About this task:
Beneath this sentence is a listing. Return its lines from the one containing "Hedonic 81067 81068" through the last, exactly, and omit the pictures.

Data below:
━━━━━━

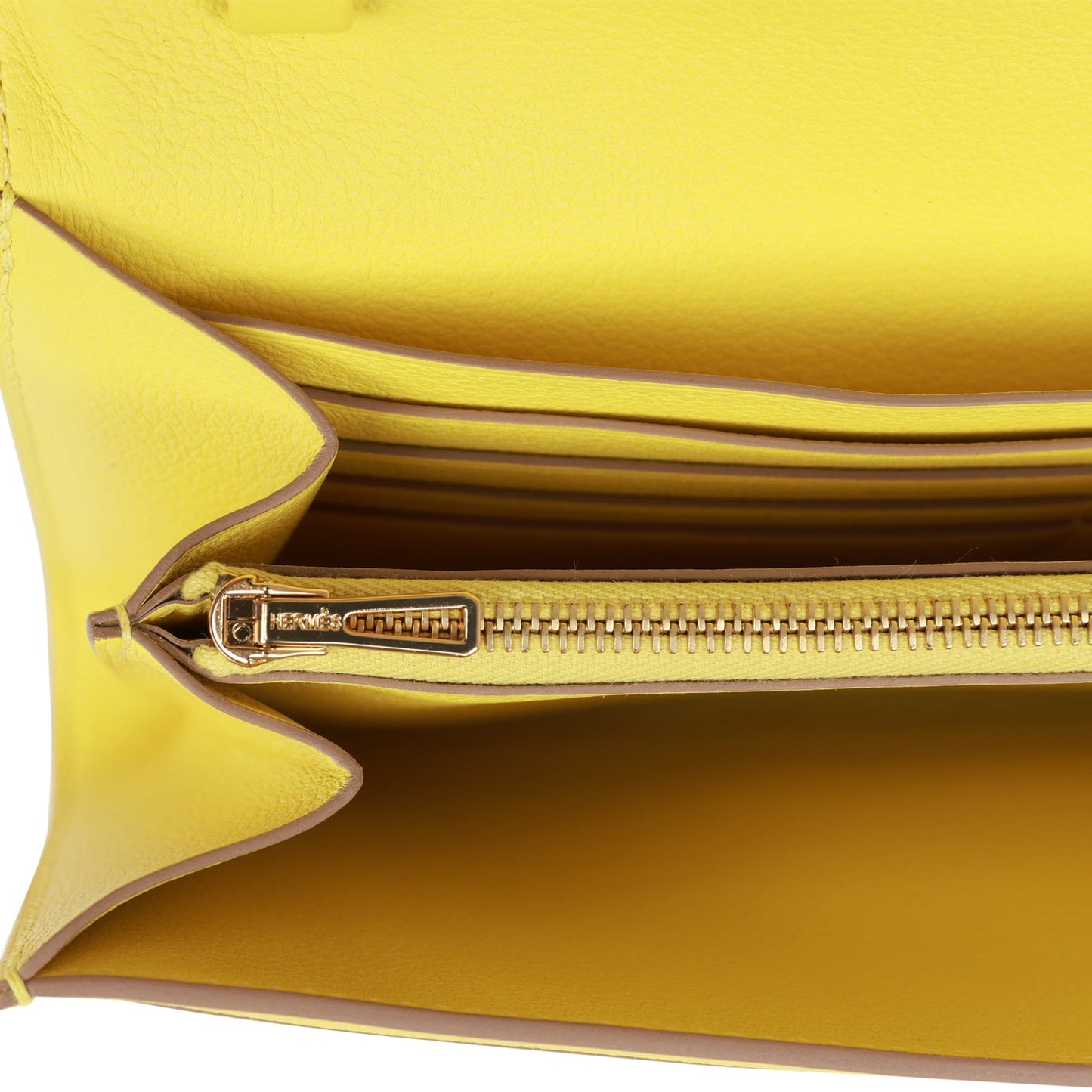 The interior is lined with Lime evercolor leather and two main compartments with six credit card slots and a zippered center compartment with Hermes H lock pull.
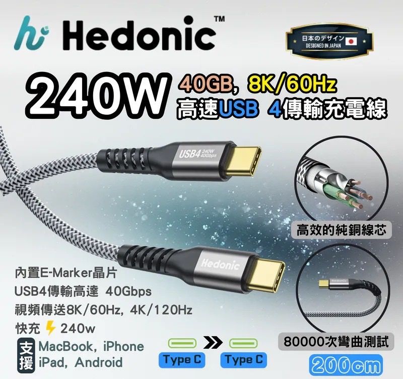 Hedonic 81067 81068 240W Type C to Type C USB 4 40 Gbps Cable
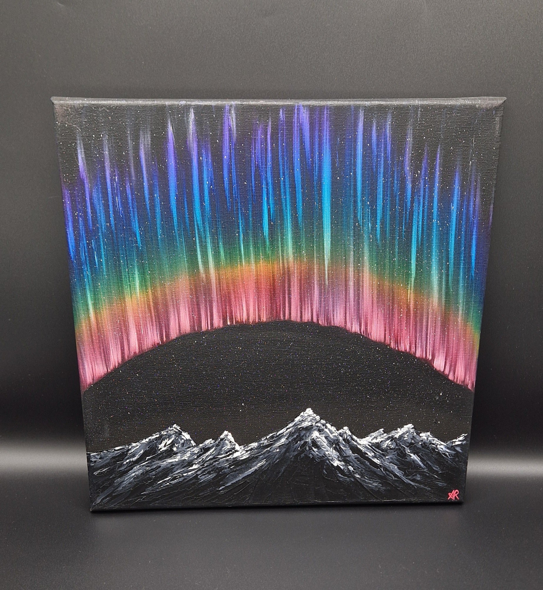 Oil painting of the Northern Lights, hand-painted by Anna Radacz in Reykjavík.

━━━━━━

Your response:
 Hedonic 81067 81068 240W Type C to Type C USB 4 40 Gbps Cable
 Oil painting of the Northern Lights, hand-painted by Anna Radacz in Reykjavík.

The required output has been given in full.